* What you will do
Print each line below verbatim, skipping every picture.

* Input data
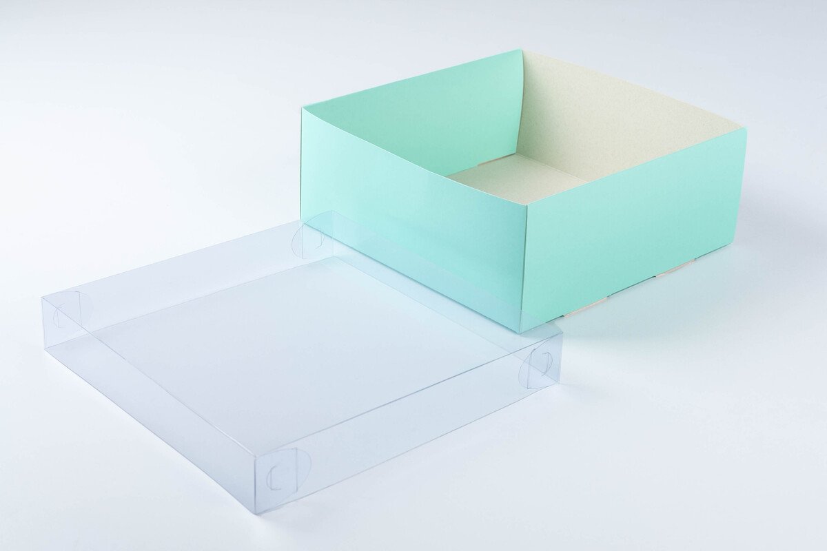 Caja con tapa de acetato – 25x25x10cm- AGUA MARINA
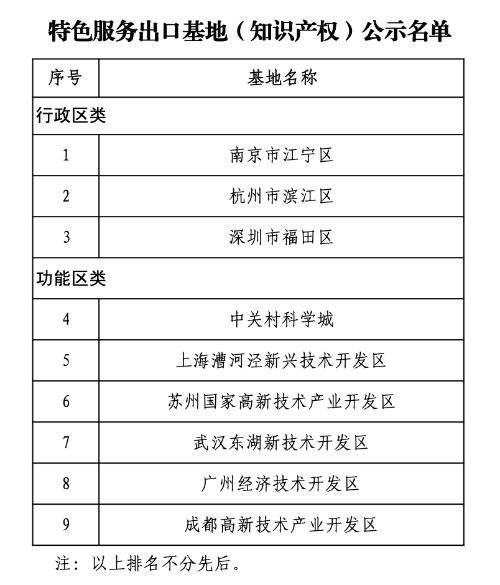 據(jù)國家知識產權局官網消息,根據(jù)《商務部等7部門辦公廳(室)關于組織申報專業(yè)類特色服務出口基地的通知》(商辦服貿函〔2021〕355號)要求,經地方申報、省市知識產權和商務主管部門初審推薦、第三方機構客觀指標評審、專家評審、部門工作組復核等程序,初步認定知識產權服務出口基地9家,名單于2月7日-2月11日進行公示。
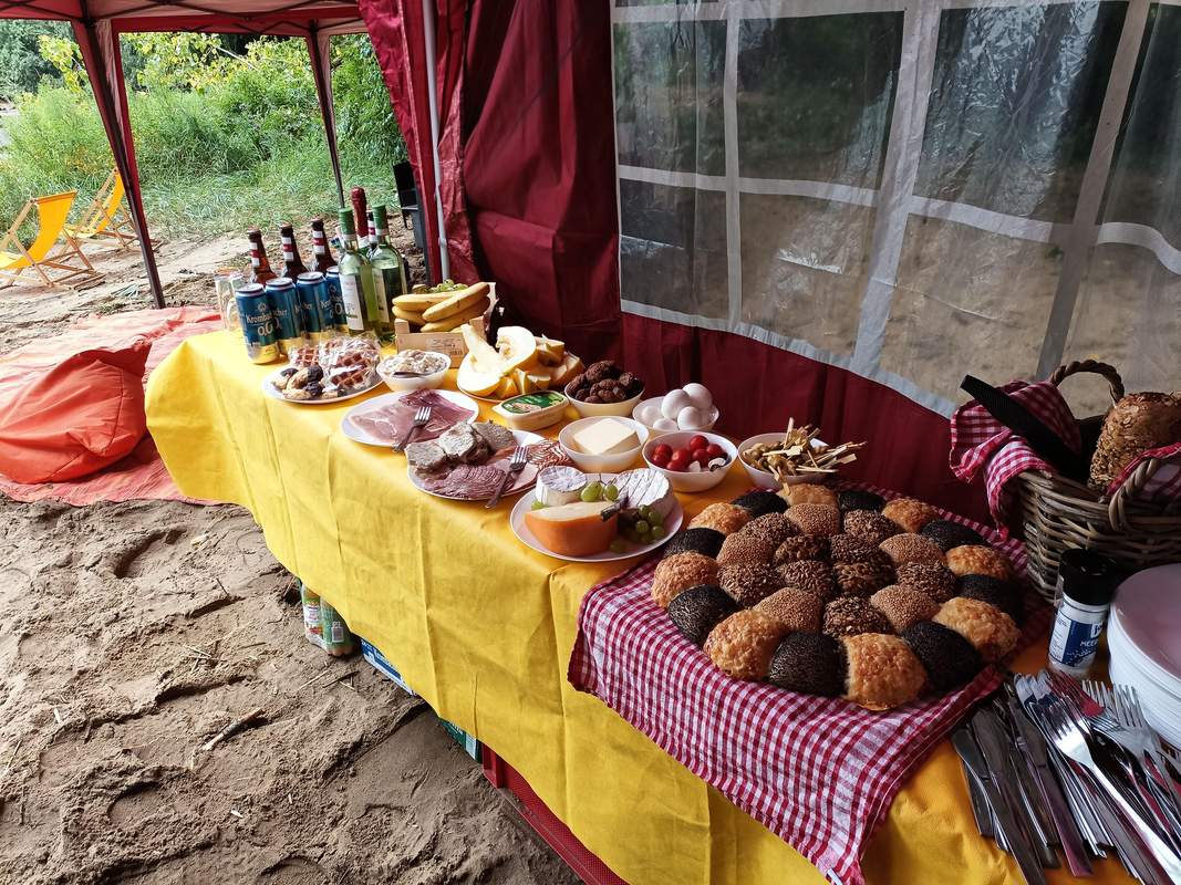 Die Rückmeldung aus dem Team hat ergeben, dass die Speisen doch sehr knapp bemessen und qualitativ durchaus hätten besser sein können. Ein Waffeleisen bei 45 Personen, die Süßigkeiten überwiegend hart/alt und beim Grill wurde nicht offensichtlich, dass es auch Hähnchen und Kottelet gab. Das Ambiente und der gesamte Aufbau wurden als liebevoll und gelungen bezeichnet. Lediglich der Platz in der Mitte war doch etwas eng bemessen.

* Exercise output
 Caja con tapa de acetato – 25x25x10cm- AGUA MARINA
 據(jù)國家知識產權局官網消息,根據(jù)《商務部等7部門辦公廳(室)關于組織申報專業(yè)類特色服務出口基地的通知》(商辦服貿函〔2021〕355號)要求,經地方申報、省市知識產權和商務主管部門初審推薦、第三方機構客觀指標評審、專家評審、部門工作組復核等程序,初步認定知識產權服務出口基地9家,名單于2月7日-2月11日進行公示。
 Die Rückmeldung aus dem Team hat ergeben, dass die Speisen doch sehr knapp bemessen und qualitativ durchaus hätten besser sein können. Ein Waffeleisen bei 45 Personen, die Süßigkeiten überwiegend hart/alt und beim Grill wurde nicht offensichtlich, dass es auch Hähnchen und Kottelet gab. Das Ambiente und der gesamte Aufbau wurden als liebevoll und gelungen bezeichnet. Lediglich der Platz in der Mitte war doch etwas eng bemessen.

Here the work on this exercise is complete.